Pop quiz for all you economy-watchers out there:  What are the current US levels of . . .

  1. Unemployment?
  2. CPI?
  3. Retail Sales?

The answers?  We don’t know.  Nobody knows. 

That’s because one of the side effects of the government shutdown is that the departments that collect and publish economic information have not been.  The Bureau of Labor Statistics (BLS), which publishes payroll numbers as well as two of the most widely-followed inflation measures, CPI and PPI,  was closed for the duration of the shutdown.  And the Bureau of Economic Analysis (BEA), which publishes GDP, personal income, and a variety of other data, was  also shuttered.

If you’re wondering what this means for the economy and markets, consider this: A month ago, all eyes were on the Federal Reserve, and all discussion was focused on when they would begin to taper their bond purchases and by how much.  Were enough jobs being created?  Were there signs of inflation on the horizon?  How strong is US growth, and is it sufficient to support removing accommodation?  Would the Fed move in December?  2014?

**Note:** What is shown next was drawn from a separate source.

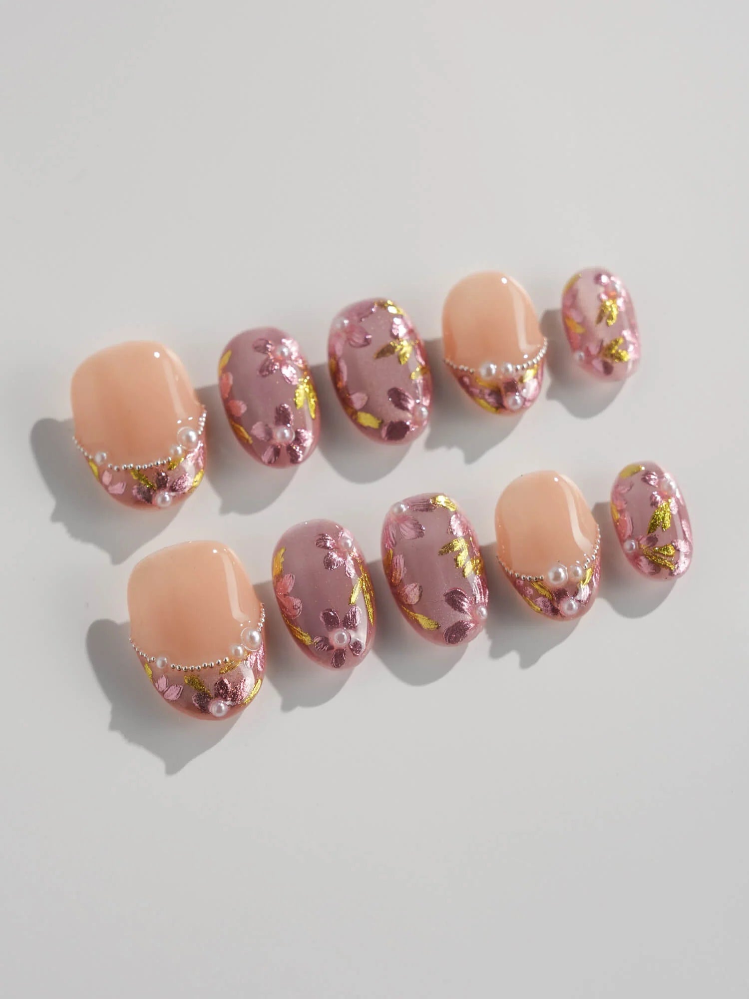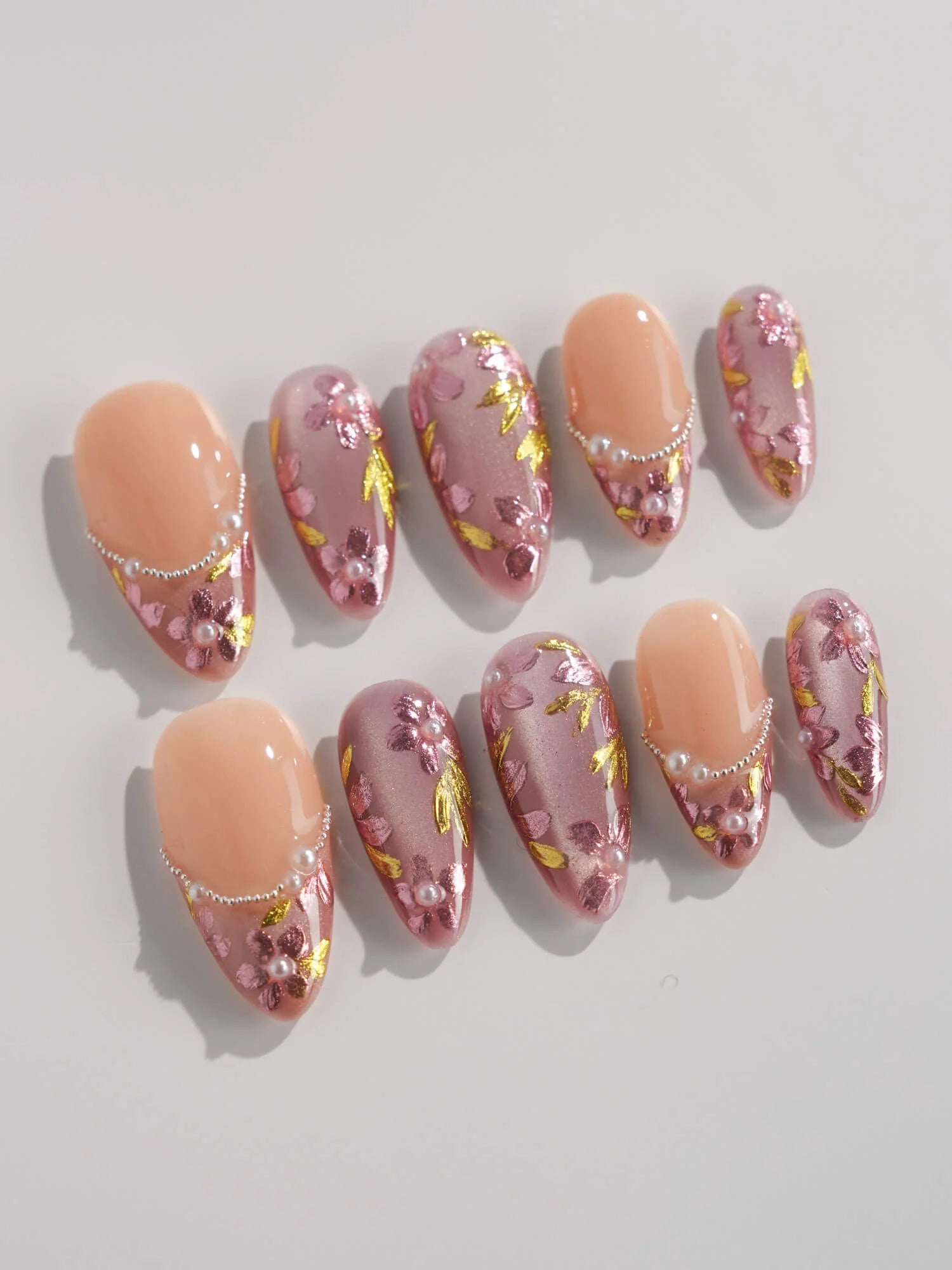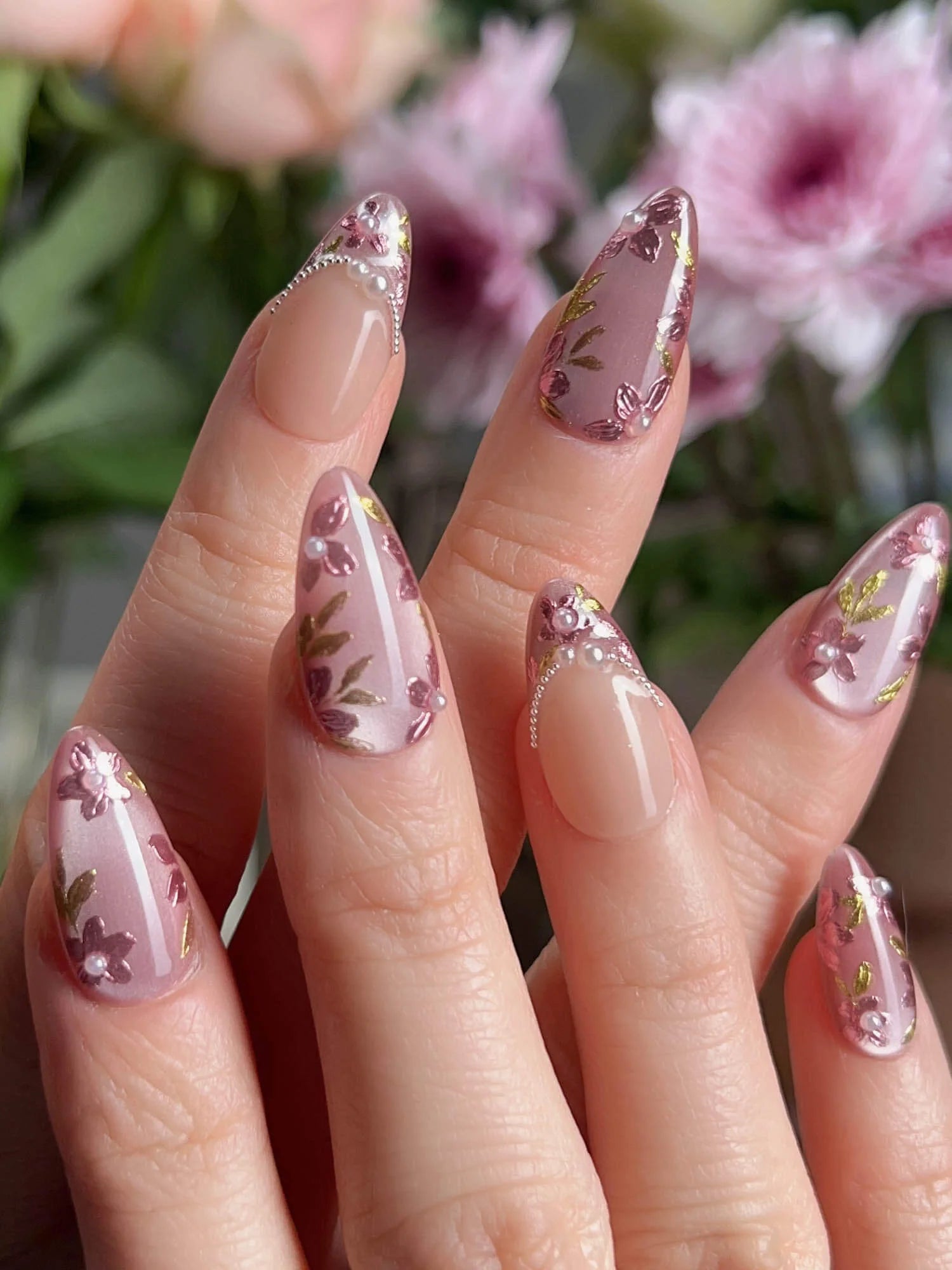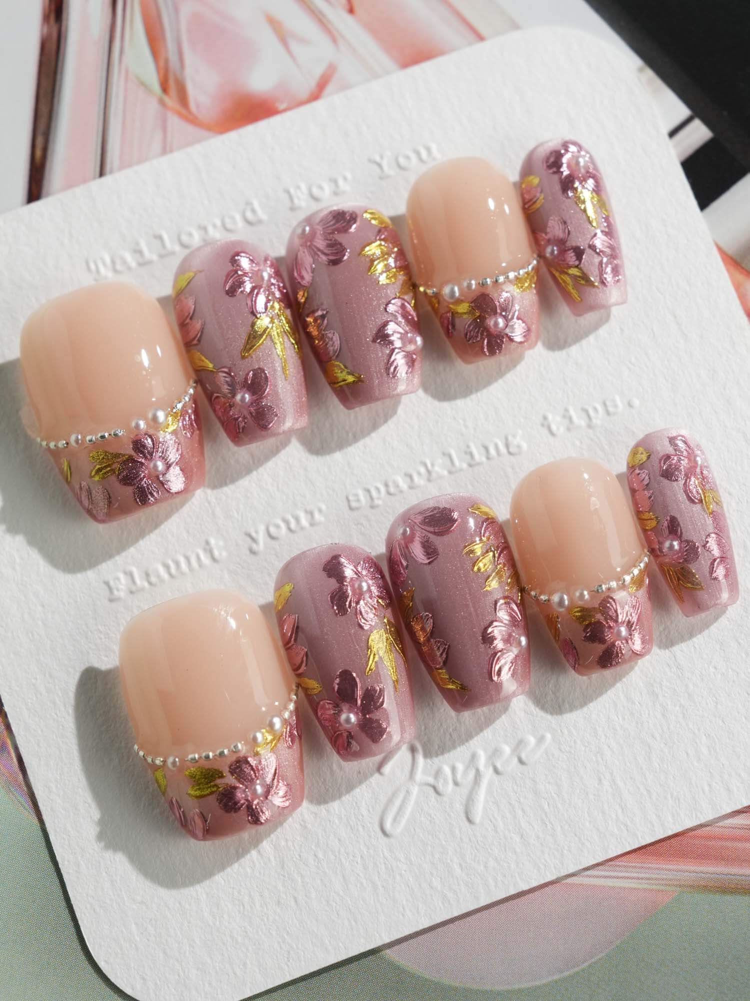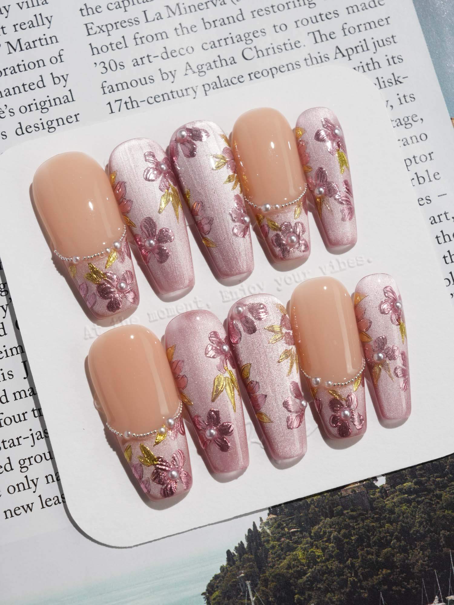 Celebrate cherry-blossom season all year with these soft nude-pink nails, scattered with hand-painted sakura petals and touches of gold leaf. Half of the set wears a curved pearl-bead French line, adding subtle luxury to the airy floral print. Perfect for garden dates, weddings, or whenever you want a whisper of romantic Japan on your fingertips.
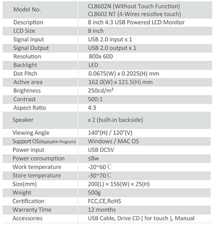 * 8” 4:3 TFT LCD USB Powered Monitor

And then the US government shut down, and suddenly no one was talking about the Fed anymore.   All focus shifted to the impact of furloughed workers on economic growth, and when Congress might raise the debt ceiling, and whether the Treasury would default on its debt.

But while the Fed discussion may have been temporarily moved to the back burner, it’s as important as ever in terms of influencing investment decisions.   The information vacuum created by the shutdown not only makes it very difficult for investors to see how the economy is doing, it makes it impossible to project the next move of the Federal Reserve.  For weeks we have been unable to observe growth, inflation, jobs and other metrics the Fed will use to assess when to taper their bond-buying program.